Eaton Workshop found a market of activists and change-makers and sought to curate experiences just for them. Playing on the uniquely politically-charged world surrounding its location in Washington DC, it serves as a location for cultural events and encourages activists, artists and entrepreneurs to meet and work together in its communal spaces.

The Graduate Hotels capitalise on a mindset of local knowledge and deep-rooted tradition which is felt in the major college towns of the US. By defining themselves against these places – all the way down to choosing library furniture, and ensuring the local knowledge of their hosts – Graduate hotels align themselves with collegiate values, a touch of nostalgia and the care of an exclusive alumni clubhouse.

Don’t offer a little to everybody, find your audience and go all in to meet their passions.

Design a timeless journey
It’s then important to translate rich customer personalities into environments, communication and services which all serve to foster a deeper relationship with the people who interact with them. Successfully pulling this off means starting a conversation with your guests before they arrive, which gains more significance through their stay and continues long after they’ve left your premises.

You’re out to design an experience, not just a place to visit.

Guests’ lives and lifestyle preferences are shifting by both choice and imposition due to the modern realities of our lives. The world of hospitality is in the best place to understand and act on major lifestyles shifts, like increasingly flexible schedules and 24/7 multitasking which are now the norm. Our time is so precious and demands so high, we see live-and-work spaces and always-on services offering many ways to re-engineer our days and nights around the things we want or need to do.

A fantastic example of hotel crafting an organic brand journey that flexes time to fit their guests’ lifestyles is the Ace Hotel – which transitions the same space seamlessly from daytime co-working to evening drinks, gently easing guests from a work mindset into leisure.

Hotels can also make use of platforms like As You Stay, which are providing flexible offers in recognition that working norms, and therefore rest or leisure requirements, don’t exist only around the 9-5 day. Instead, a fully flexible booking model allows less wastage of guest time and budget.

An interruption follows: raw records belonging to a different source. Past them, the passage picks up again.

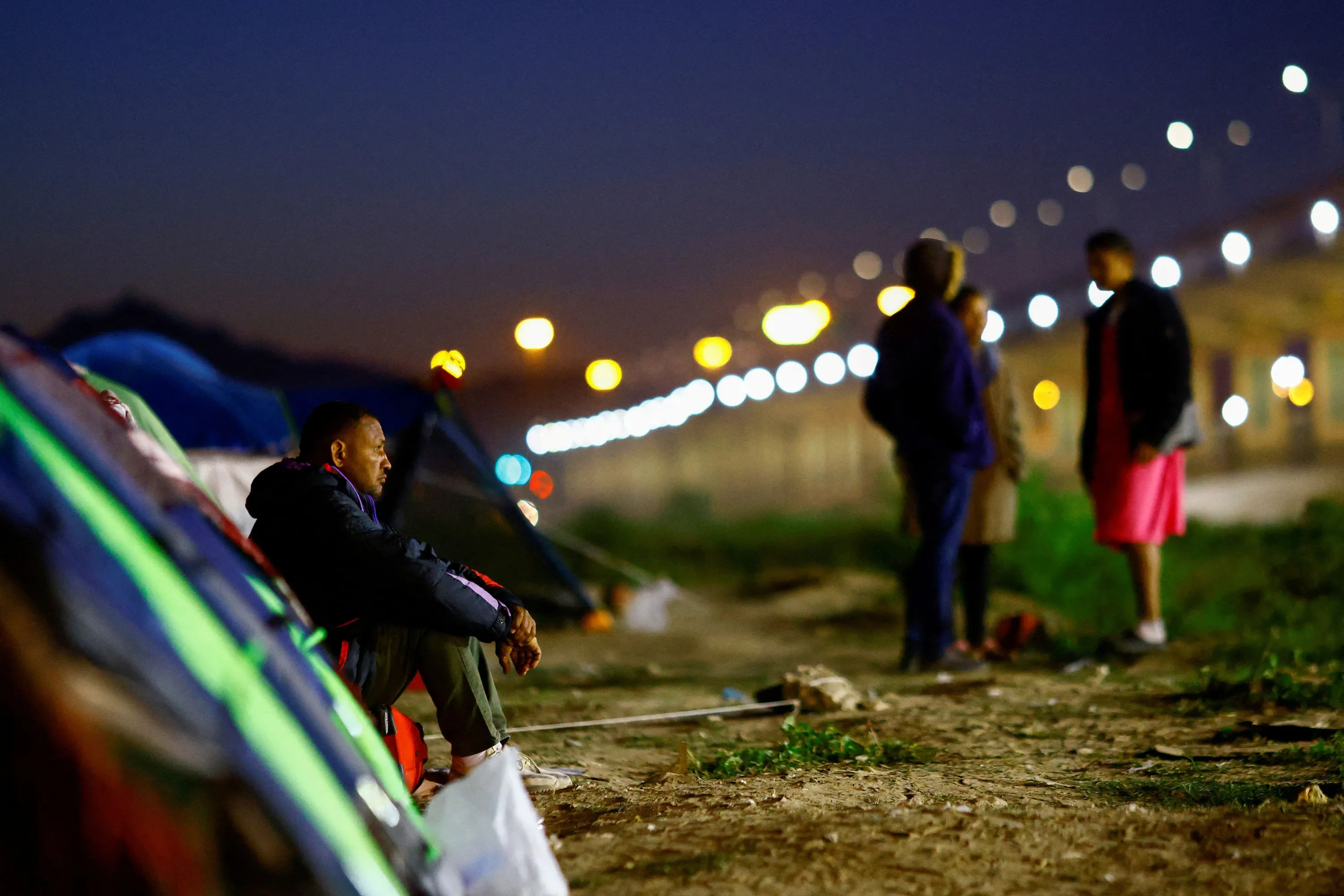 Angel Avila, a migrant from Venezuela who has not crossed into the U.S. due to the new immigration policies, sits while camping on the banks of the Rio Bravo river, in Ciudad Juarez, Mexico on October 29, 2022. (Photo by Jose Luis Gonzalez/Reuters)
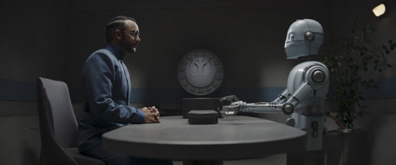 The series is beginning to fill in some blanks in Star Wars history, one being exactly what happened to all those Imperial officers. Dr. Pershing, Moff Gideon’s cloning scientist, answers that for us as a new member of the Amnesty Program on Coruscant set to rehabilitate Imperial officers into the New Republic. He’s giving a speech on his work, and how he wanted to use it for good and it just got twisted along the way.
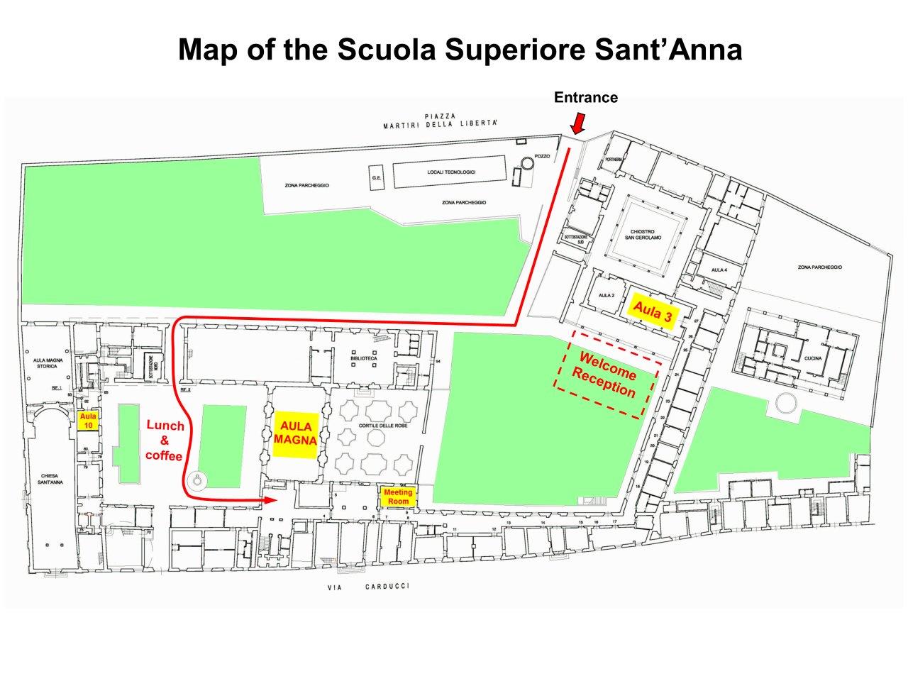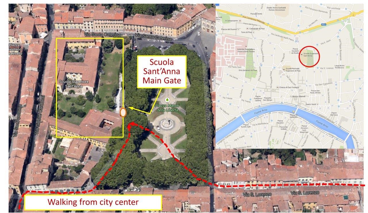The main conference will take place at Scuola Superiore Sant'Anna, in the heart of Pisa. Monday and Friday Tutorials and Workshop will take place in the TeCIP institute in the CNR area.
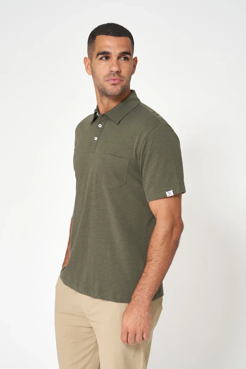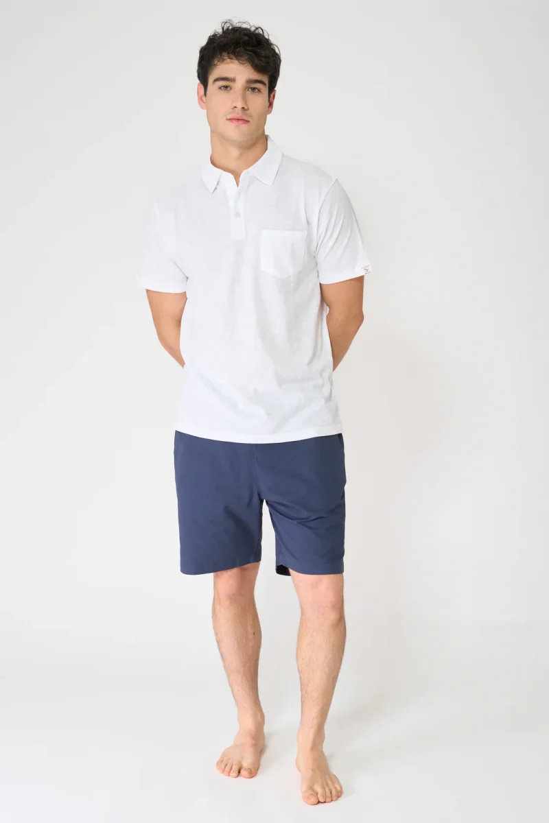 Polo de hombre de corte clásico confeccionado 100% en algodón flamé de alta calidad con certificación OEKO-TEX®, garantizando un tejido libre de sustancias nocivas. El tejido flamé es ligero, suave y cómodo, por lo que es adecuado para prendas de verano o entretiempo. Se caracteriza por es su textura, los hilos tienen una variación de grosor, lo que provoca un efecto visual que puede parecer moteado o desigual, dando un toque de relieve a la tela.

Make your space a new ‘local’
Hotel Irvine also has a 24/7 model to fit its guests’ round-the-clock lives, but it’s broader view of clientele is most interesting about this hotelier.

Irvine hosts farmer’s markets with a changing calendar of local vendors to continually draw in locals, not just travellers or those looking for a one-off novelty. A rich and evolving experience is hugely beneficial to ensure the same physical space can draw revenue from residents as well as visitors – guarding against seasonal variation and a reliance on keys alone.

Delving more deeply into the local community are brands such as The Good Hotel, which offers long-term unemployed locals a chance for a better future. Not only that, but the brand encourages employees to share their stories with guests, building intimacy and understanding between guests, the individuals, and the brand behind it all.

The immediate challenge for many hoteliers will be in how to build such a community. To our earlier point about defining a brand against its audience, this is in crafting a space defined by shared need, passions and values.

Premium gym brand Equinox is instilling this sense by bringing its premium wellness services into the hospitality space, to bring local and travelling fitness fanatics together in a like-minded lifestyle company. With a sharp sense of your brand’s reason for being, a clearer sense of your community values will follow.

After all, don’t we want to feel that our hotel of choice is aligned to our values – that it’s the place for us, wherever we might be and whatever we might need?

It may sound lofty, but realising this ideal through thoughtful branding, smart design and an evolving relationship with your customers is absolutely linked to the performance of hospitality brands and the industry in the near future.

The tools and knowledge to achieve this are at our fingertips – if we can combine them to meet our guests’ shifting lifestyles, 2018 might signal hospitality’s next evolution, and we’ll prove that ‘as good as it gets’ is really just the beginning.